Professor Zhang Xianzheng from Wuhan University reviewed the research on cell primordium biomimetic functional materials in enhancing cancer treatment. The main points of this article: 1) Cell primordium functional materials combine the advantages of natural materials and nanotechnology, and have become an attractive cancer treatment drug. The cytoplasma has unique biological functions, such as long-term internal circulation, tumor-specific targeting and immune regulation. In addition, synthetic nanomaterials with unique physical and chemical properties have also been widely used as drug carriers or anti-cancer agents for the treatment of cancer. Therefore, the combination of these two materials is expected to produce biomaterials with multiple functions and high biocompatibility, which can then achieve precise cancer treatment. 2) This article summarizes the research progress of materials with tumor treatment functions based on cell primordia in recent years; introduces different cell protozoa, including bacteria, phages, cells, cell membranes and other biologically active substances. Activity and function; At the same time, the author also discussed the strategy of combining it with synthetic materials, especially nanosystems to construct functionalized biomaterials. Finally, the author also looked forward to future research directions in this field.

Biomimetic Materials Academic QQ Group: 111658060

Picture Guo-Feng Luo. et al. Cell primitive-based biomimetic functional materials for enhanced cancer therapy. Chemical Society Reviews. 2020DOI: 10.1039/d0cs00152j https://pubs.rsc.org/en/content/ articlelanding/2020/cs/d0cs00152j#!divAbstract

6. Chem. Soc. Rev. review: ZSM-5 supported transition metal center for methane activation

Benzene is an important organic intermediate used in the synthesis of chemicals such as ethylbenzene, cumene, cyclohexane, nitrobenzene and alkylbenzene. Among many gas-liquid conversion processes, methane anaerobic dehydrogenation aromatization (MDA) has a good application prospect because it avoids the deep oxidation of CH4 to CO2 and does not require co-reactants. The metal oxide supported by ZSM-5 is an important class of multifunctional catalysts. Because of the various reactions it catalyzes, it has always attracted the attention of researchers in academia and industry.
Recently, Israel E. Wachs of Lehigh University in the United States reviewed the use of ZSM-5 supported transition metal oxide catalysts (MOX/ZSM-5, M=V, Cr, Mo, W, Re, Fe) in methane dehydrogenation and aromatization.

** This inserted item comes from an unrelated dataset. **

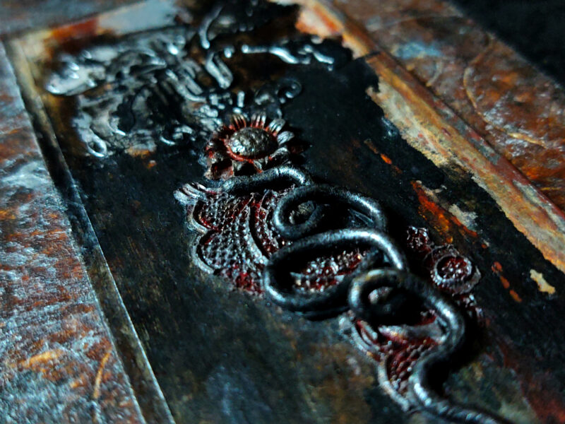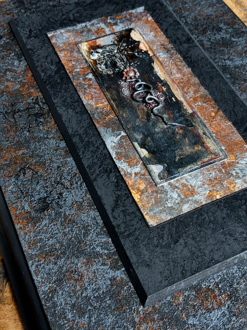 acrylic, mixed media, bas-relief and sculpture

The latest research progress in benzene production.
Key points of this article: 1) The author focused on the basic, in-situ and operando spectroscopic studies of MOX/ZSM-5 catalyst. In particular, it summarizes the anchor sites of the supported oxygen species on the ZSM-5 carrier, the molecular structure of the MOX sites on the initial dispersed surface, the nature of the active sites during the MDA reaction, the reaction mechanism, the rate control steps, and the dynamics of the MDA reaction Learning and catalyst activity. 2) The author finally pointed out the basic problems to be solved in the future MOX/ZSM-5 catalyst for MDA research, and put forward his personal opinions.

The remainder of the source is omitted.